Nie wieder nach Ischgl?

10.5.2020, 18:16 Uhr

Jetzt erst recht, scheint das Motto zu sein. "Das Hotel in Zams ist schon gebucht", berichtet Heinz Strassner, Vorsitzender des Skiclubs Biberttal. Zams liegt im österreichischen Oberinntal (Tirol) und ist zentraler Knotenpunkt für namhafte Skigebiete wie St. Anton, Serfaus oder eben Ischgl. Man wolle dem Hotel damit auch in diesen beschwerlichen Corona-Zeiten die Treue halten.

Für das Skigebiet Ischgl hält sich die Solidarität seitens des Vereins jedoch in Grenzen. Einige Mitglieder äußerten laut Strassner schon Kritik, sie wollen dort künftig nicht mehr auf die Bretter steigen. Der 59-Jährige bestätigt diese Haltung: "Es ist die Pflicht des Vereins, das kritisch zu hinterfragen." Er könne sich durchaus vorstellen, nächsten Winter auch ein anderes Skigebiet von Zams aus anzusteuern.

Der Wintersportort Ischgl muss sich den Vorwurf gefallen lassen, zu Beginn der Coronakrise zu zögerlich reagiert und damit die Verbreitung des Virus begünstigt zu haben. Besonders die Après-Ski-Bar "Kitzloch" geriet dabei massiv in die Schlagzeilen. Diesbezüglich betont Strassner: "So etwas wie Après-Ski machen wir bei unseren Fahrten schon lange nicht mehr."

Und auch sonst ist es ruhig geworden beim Skiclub. Gymnastik- und Laufgruppen, Metropolmarathon oder der "Lauf-Kickoff" im März – alles abgesagt oder verschoben. Der Vorstand tauscht sich 14-tägig in einer Videokonferenz aus und treibt die Planungen für Herbst und Winter voran. An oberster Stelle steht allerdings der Kontakt zu den immerhin 660 Mitgliedern über soziale Medien und die Internetseite.

Besonders Singles leiden

Für viele sei der Verein wie eine Familie, erzählt Strassner. Die Laufgruppen beispielsweise treffen sich gewöhnlich drei Mal pro Woche und seien daher "fester Wochenbestandteil, besonders für Alleinstehende".

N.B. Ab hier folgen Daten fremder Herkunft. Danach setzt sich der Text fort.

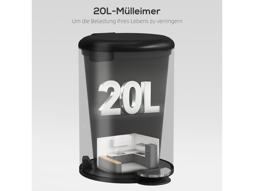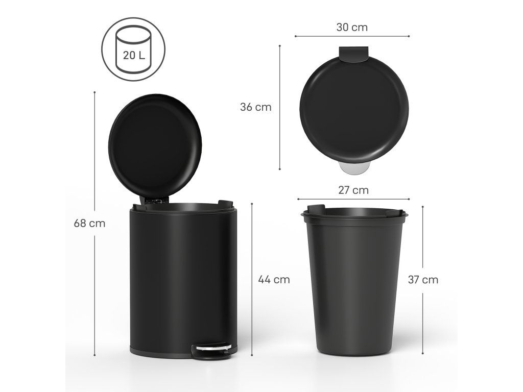 Objevte odpadkový koš: kompaktní, s objemem 20 litrů, ideální do každé místnosti. Tichý provoz díky víku s jemným zavíráním, ovládání bez použití rukou pomocí pedálu. Vyjímatelný vnitřní kbelík a otevíratelné víko usnadňují čištění a výměnu vložek do koše. Povrch odolný proti otiskům prstů udržuje koš s pedálem čistý a elegantní. Ideální do kuchyně, kanceláře nebo koupelny.

Trotzdem appelliert er an die Mitglieder, in Bewegung zu bleiben. Sie drehen Fitness-Videos und veröffentlichen sie auf dem Internetportal Youtube. Darüber erhalten die Mitglieder Tipps zum Home-Workout, Joggen oder Nordic-Walking. Laufbegeisterte teilen ihre persönlichen Routen auf einer Navigations-App, um weitere Mitglieder zu animieren – natürlich alleine oder mit Abstand, versteht sich.

Den fehlenden Kontakt zu den Mitgliedern bedauert Heinz Strassner sehr. "Es gibt kaum etwas Schlimmeres für einen Vorstand." Zum Jammern ist ihm aber dennoch nicht zumute, denn er weiß, dass andere Gesellschaftsbereiche derzeit weitaus schwierigere Zeiten durchleben. Außerdem stehe der Verein auf festen Füßen. Lediglich am starken Mitgliederzuwachs der vergangenen Jahre – bis zu 50 Neuanträge jährlich – werde man seiner Einschätzung nach nicht anknüpfen können.

Und wird sich die Einstellung zum Skitourismus nach Corona ändern? Strassners Prognose: "Nur minimal. Aber zum Ski-Ort Ischgl mit Sicherheit einige Prozente mehr." Verfolge man die österreichischen Medien, sei seiner Ansicht nach schon eine Rufschädigung für Tirol zu erkennen. Man müsse jedoch abwarten, wie sich die Lage entwickelt. Er ist hin- und hergerissen: "Aus moralischer Sicht sollte man eigentlich nicht mehr hinfahren, auch wenn es sportlich gesehen eine Top-Adresse ist."